When you transcribe the listing, keep each line exact and drop the pictures.

INFORMATION SUPPLIED START

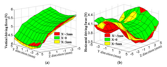 As shown in Figure 7b, the horizontal driving force increases gradually when the mover deflects around the y-axis, because the horizontal winding is close to the surface of the magnetic pole and magnetic flux density increases. The vertical driving force gradually reduces, because the effective length of the vertical coils is just a small amount of increase and the magnetic flux density rapidly reduces. The change rates of the vertical driving force and the horizontal driving force are 4.1% and 2.3%, respectively.
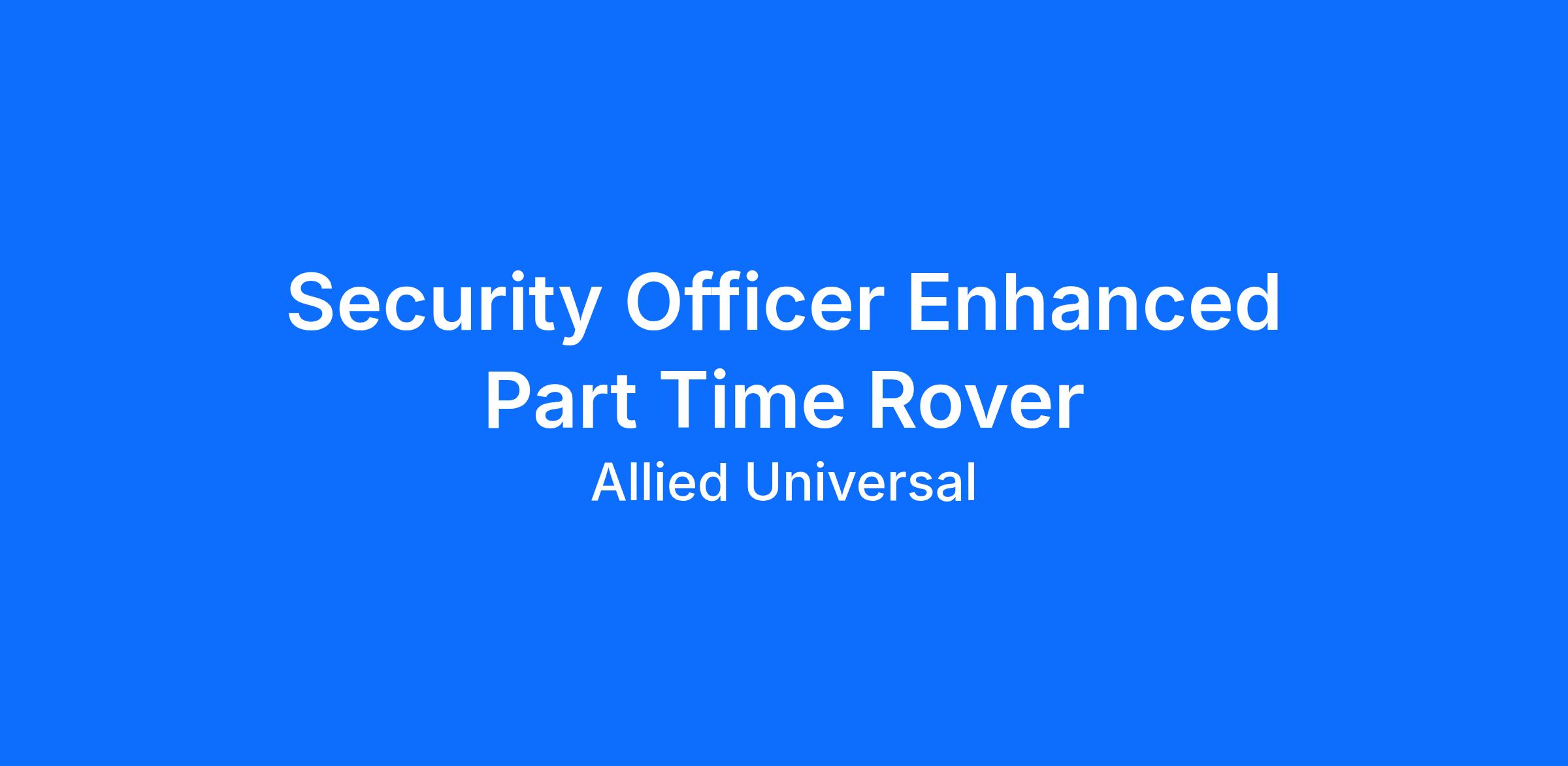 As a Security Officer Enhanced Part Time Rover in Tucson, AZ, this role is designed to provide reliable, consistent hours at an assigned site with the flexibility for you to earn more by picking-up additional shifts when it works for you.
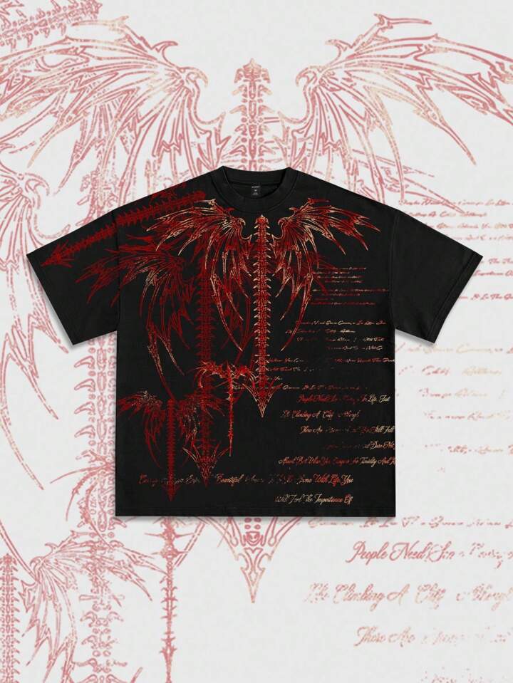 Street Life Men's Gothic Print Casual T-Shirt, Suitable For Spring/Summer
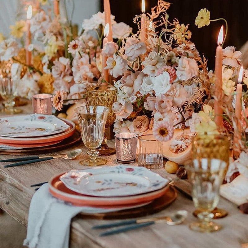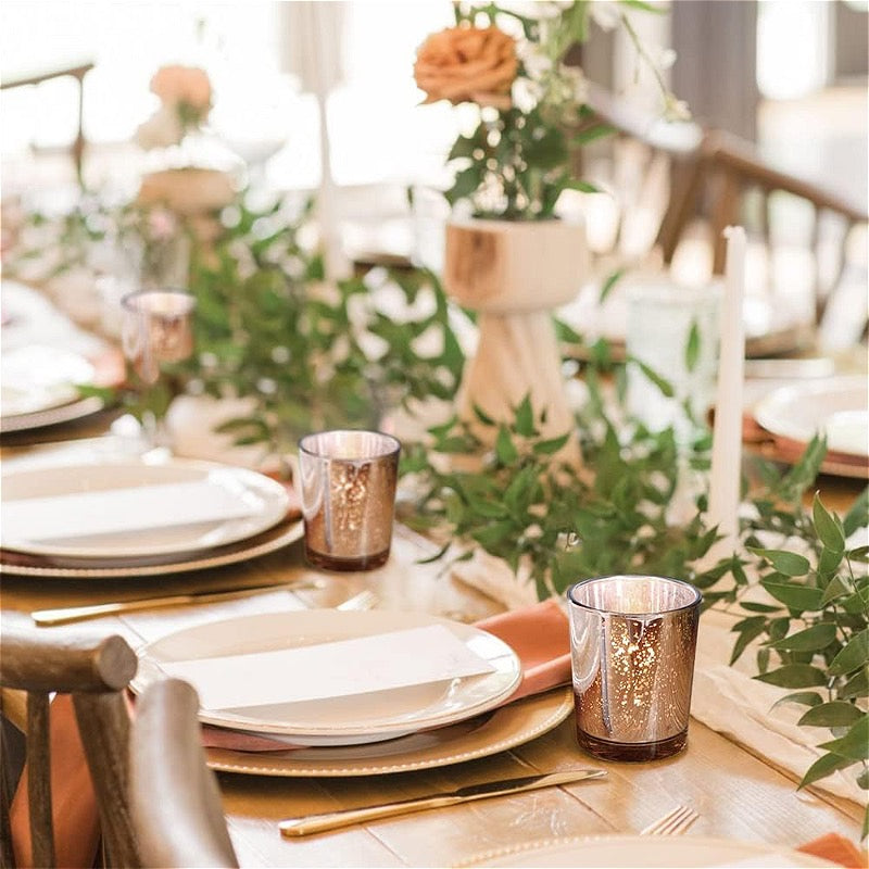 Our Rose Gold Mercury Votive Candle Holders have a metallic finish with a beautiful mercury speckled effect that will enhance the natural warm light of votive candles, giving it a vintage but timeless look. Works with regular votive candles, tealight candles and flameless LED tea light candles.
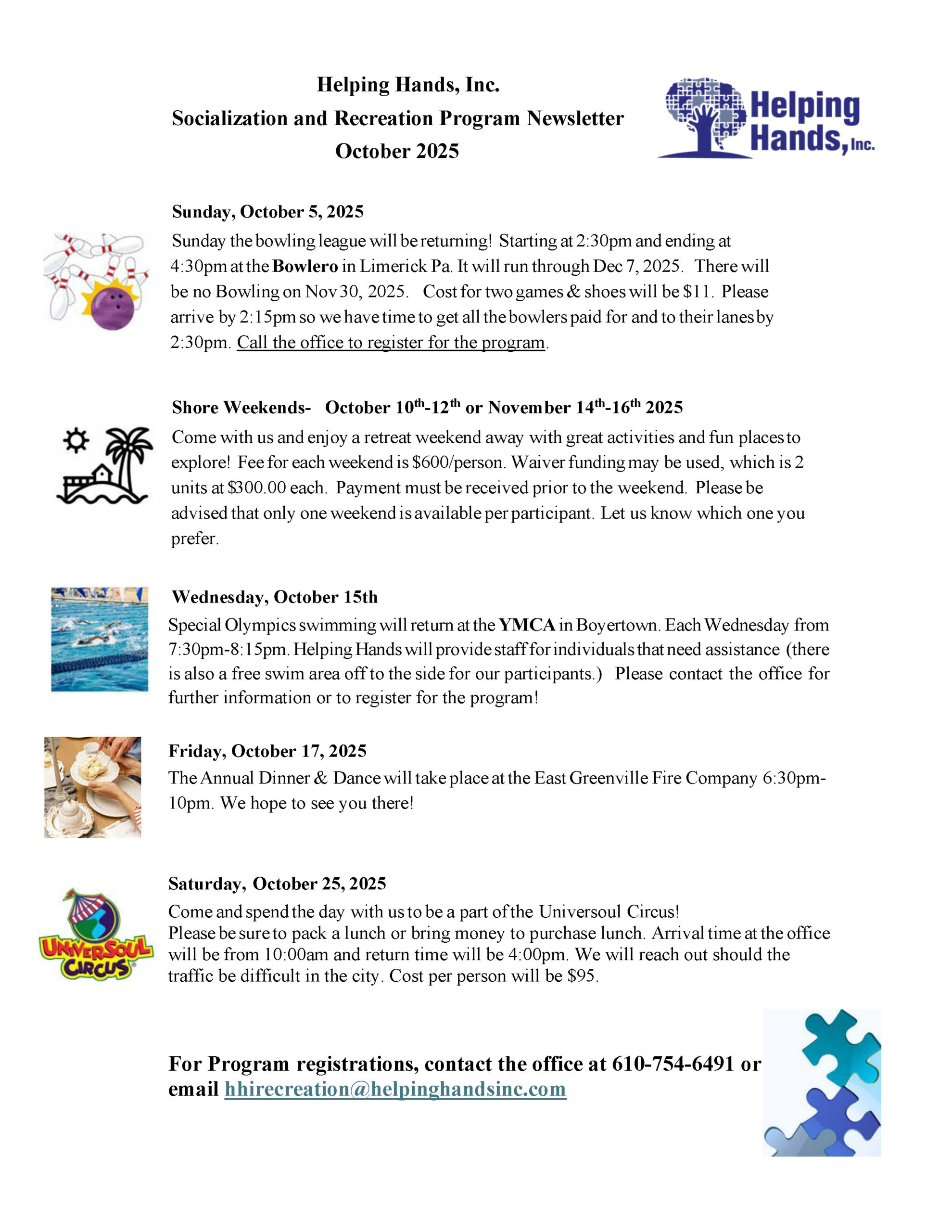 Fees Apply. For more information about this great program, please contact our Director of Socialization & Recreation, Nishairy Diaz at hhirecreation@helpinghandsinc.com.
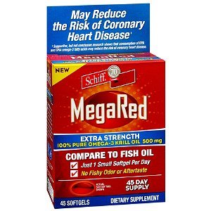 -. Title : Schiff MegaRed Extra Strength 100% Pure Omega-3 Krill Oil, 500mg, Softgels 45 ea
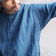 使用柔软的亚麻布料,设计是简约的pull over(从头套上去穿着)
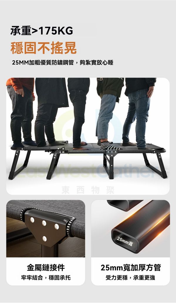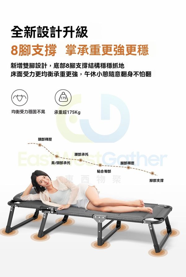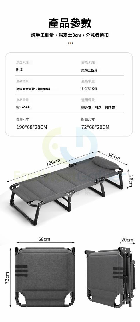 包送貨免安裝 - 摺疊床 Folding bed 標準款【175CM*60CM】充棉一體三折床 摺床 工人床 便攜式行軍床 成人午睡神器(M22666-09)
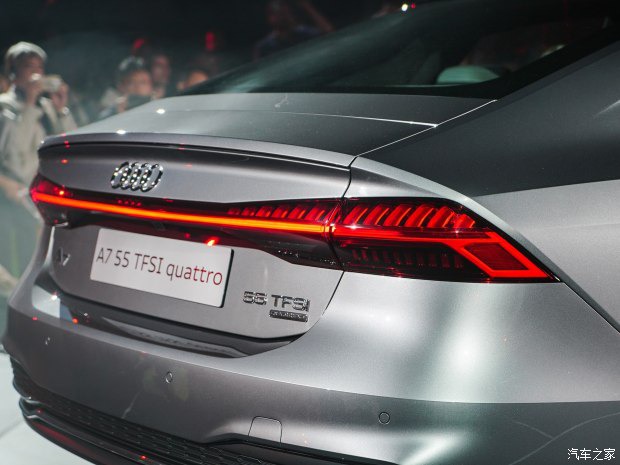 车尾部分,新车的整体比例宽大而扁平,营造了低趴的视觉效果,看上去非常动感。尾灯是新A7 Sportback的一大亮点,虽然与奥迪新A8同为贯穿式设计,但灯组内部26颗竖向和1根横向的OLED灯带,配以两侧扩散的形状,使其看上去比新A8更显夸张。此外,新车还将提供15种基础车身颜色供选,而客户也可以选择自行定制漆面。
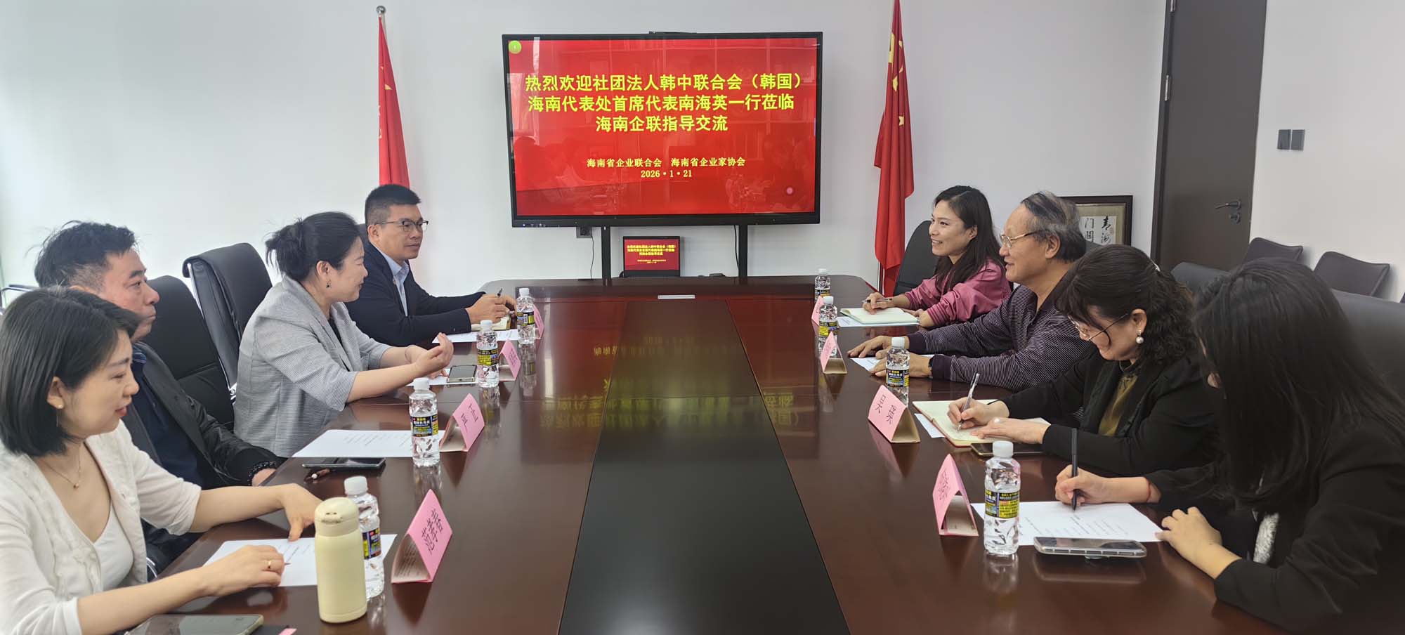 为助力海南自贸港建设,拓宽国际交流合作,1月21日,海南省企业联合会/海南省企业家协会(以下简称“海南企联”)与社团法人韩中联合会(韩国)海南代表处举行座谈交流会。双方围绕促进琼韩两地经贸投资、产业对接等议题进行深入探讨,共商合作发展新路径。
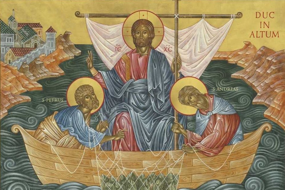 În vremea aceea Iisus şedea lângă lacul Ghenizaret şi a văzut două corăbii oprite lângă ţărm, iar pescarii, coborând din ele, spălau mrejele. Atunci El, urcându-Se într-una din corăbii, care era a lui Simon, l-a rugat s-o depărteze puţin de la uscat şi, şezând în corabie, învăţa din ea mulţimile. Iar când a încetat să vorbească, i-a zis lui Simon: Îndepărteaz-o la adânc şi lăsaţi în jos mrejele voastre ca să pescuiţi. Şi, răspunzând, Simon a zis: Învăţătorule, toată noaptea ne-am trudit şi nimic n-am prins, dar, după cuvântul Tău, voi arunca mrejele. Şi, făcând ei aceasta, au prins mulţime mare de peşte, încât li se rupeau mrejele. De aceea, au făcut semn celor care erau în cealaltă corabie să vină să-i ajute. Şi au venit şi au umplut amândouă corăbiile, încât erau gata să se scufunde. Iar Simon-Petru, văzând aceasta, a căzut în genunchi, înaintea lui Iisus, zicând: Ieşi de la mine, Doamne, că sunt om păcătos! Căci spaimă îi cuprinsese, pe el şi pe toţi cei ce erau cu el, pentru pescuirea atâtor peşti. Tot aşa şi pe Iacov şi pe Ioan, fiii lui Zevedeu, care erau împreună cu Simon. Şi a zis Iisus către Simon: Nu te teme; de acum înainte vei fi pescar de oameni. Şi, trăgând corăbiile la ţărm, au lăsat totul şi au mers după El.
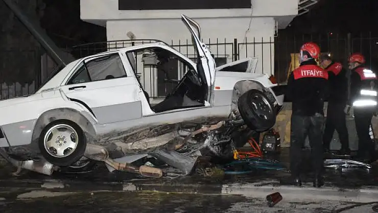 SİVAS'ta bir otomobilin makas atması sonucu, sürücüsünün kontrolünden çıkan başka bir otomobilin yol kenarındaki aydınlatma direğine çarptığı kazada...
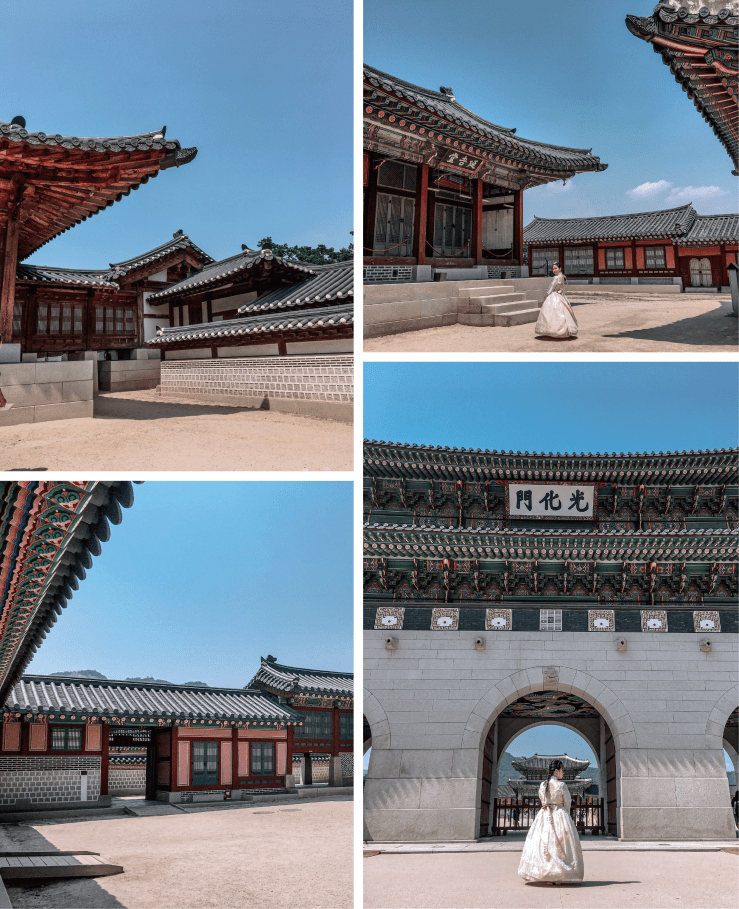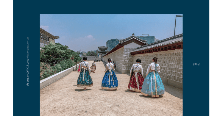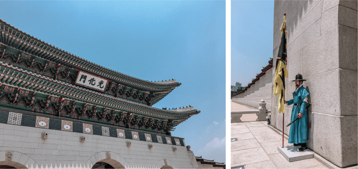 光化門前 湛藍的晴天下 城門佇立著身著青衣 左持彎刀 右扶大旗的侍衛

INFORMATION SUPPLIED END

(PROBLEM SOLUTION)
 As shown in Figure 7b, the horizontal driving force increases gradually when the mover deflects around the y-axis, because the horizontal winding is close to the surface of the magnetic pole and magnetic flux density increases. The vertical driving force gradually reduces, because the effective length of the vertical coils is just a small amount of increase and the magnetic flux density rapidly reduces. The change rates of the vertical driving force and the horizontal driving force are 4.1% and 2.3%, respectively.
 As a Security Officer Enhanced Part Time Rover in Tucson, AZ, this role is designed to provide reliable, consistent hours at an assigned site with the flexibility for you to earn more by picking-up additional shifts when it works for you.
 Street Life Men's Gothic Print Casual T-Shirt, Suitable For Spring/Summer
 Our Rose Gold Mercury Votive Candle Holders have a metallic finish with a beautiful mercury speckled effect that will enhance the natural warm light of votive candles, giving it a vintage but timeless look. Works with regular votive candles, tealight candles and flameless LED tea light candles.
 Fees Apply. For more information about this great program, please contact our Director of Socialization & Recreation, Nishairy Diaz at hhirecreation@helpinghandsinc.com.
 -. Title : Schiff MegaRed Extra Strength 100% Pure Omega-3 Krill Oil, 500mg, Softgels 45 ea
 使用柔软的亚麻布料,设计是简约的pull over(从头套上去穿着)
 包送貨免安裝 - 摺疊床 Folding bed 標準款【175CM*60CM】充棉一體三折床 摺床 工人床 便攜式行軍床 成人午睡神器(M22666-09)
 车尾部分,新车的整体比例宽大而扁平,营造了低趴的视觉效果,看上去非常动感。尾灯是新A7 Sportback的一大亮点,虽然与奥迪新A8同为贯穿式设计,但灯组内部26颗竖向和1根横向的OLED灯带,配以两侧扩散的形状,使其看上去比新A8更显夸张。此外,新车还将提供15种基础车身颜色供选,而客户也可以选择自行定制漆面。
 为助力海南自贸港建设,拓宽国际交流合作,1月21日,海南省企业联合会/海南省企业家协会(以下简称“海南企联”)与社团法人韩中联合会(韩国)海南代表处举行座谈交流会。双方围绕促进琼韩两地经贸投资、产业对接等议题进行深入探讨,共商合作发展新路径。
 În vremea aceea Iisus şedea lângă lacul Ghenizaret şi a văzut două corăbii oprite lângă ţărm, iar pescarii, coborând din ele, spălau mrejele. Atunci El, urcându-Se într-una din corăbii, care era a lui Simon, l-a rugat s-o depărteze puţin de la uscat şi, şezând în corabie, învăţa din ea mulţimile. Iar când a încetat să vorbească, i-a zis lui Simon: Îndepărteaz-o la adânc şi lăsaţi în jos mrejele voastre ca să pescuiţi. Şi, răspunzând, Simon a zis: Învăţătorule, toată noaptea ne-am trudit şi nimic n-am prins, dar, după cuvântul Tău, voi arunca mrejele. Şi, făcând ei aceasta, au prins mulţime mare de peşte, încât li se rupeau mrejele. De aceea, au făcut semn celor care erau în cealaltă corabie să vină să-i ajute. Şi au venit şi au umplut amândouă corăbiile, încât erau gata să se scufunde. Iar Simon-Petru, văzând aceasta, a căzut în genunchi, înaintea lui Iisus, zicând: Ieşi de la mine, Doamne, că sunt om păcătos! Căci spaimă îi cuprinsese, pe el şi pe toţi cei ce erau cu el, pentru pescuirea atâtor peşti. Tot aşa şi pe Iacov şi pe Ioan, fiii lui Zevedeu, care erau împreună cu Simon. Şi a zis Iisus către Simon: Nu te teme; de acum înainte vei fi pescar de oameni. Şi, trăgând corăbiile la ţărm, au lăsat totul şi au mers după El.
 SİVAS'ta bir otomobilin makas atması sonucu, sürücüsünün kontrolünden çıkan başka bir otomobilin yol kenarındaki aydınlatma direğine çarptığı kazada...
 光化門前 湛藍的晴天下 城門佇立著身著青衣 左持彎刀 右扶大旗的侍衛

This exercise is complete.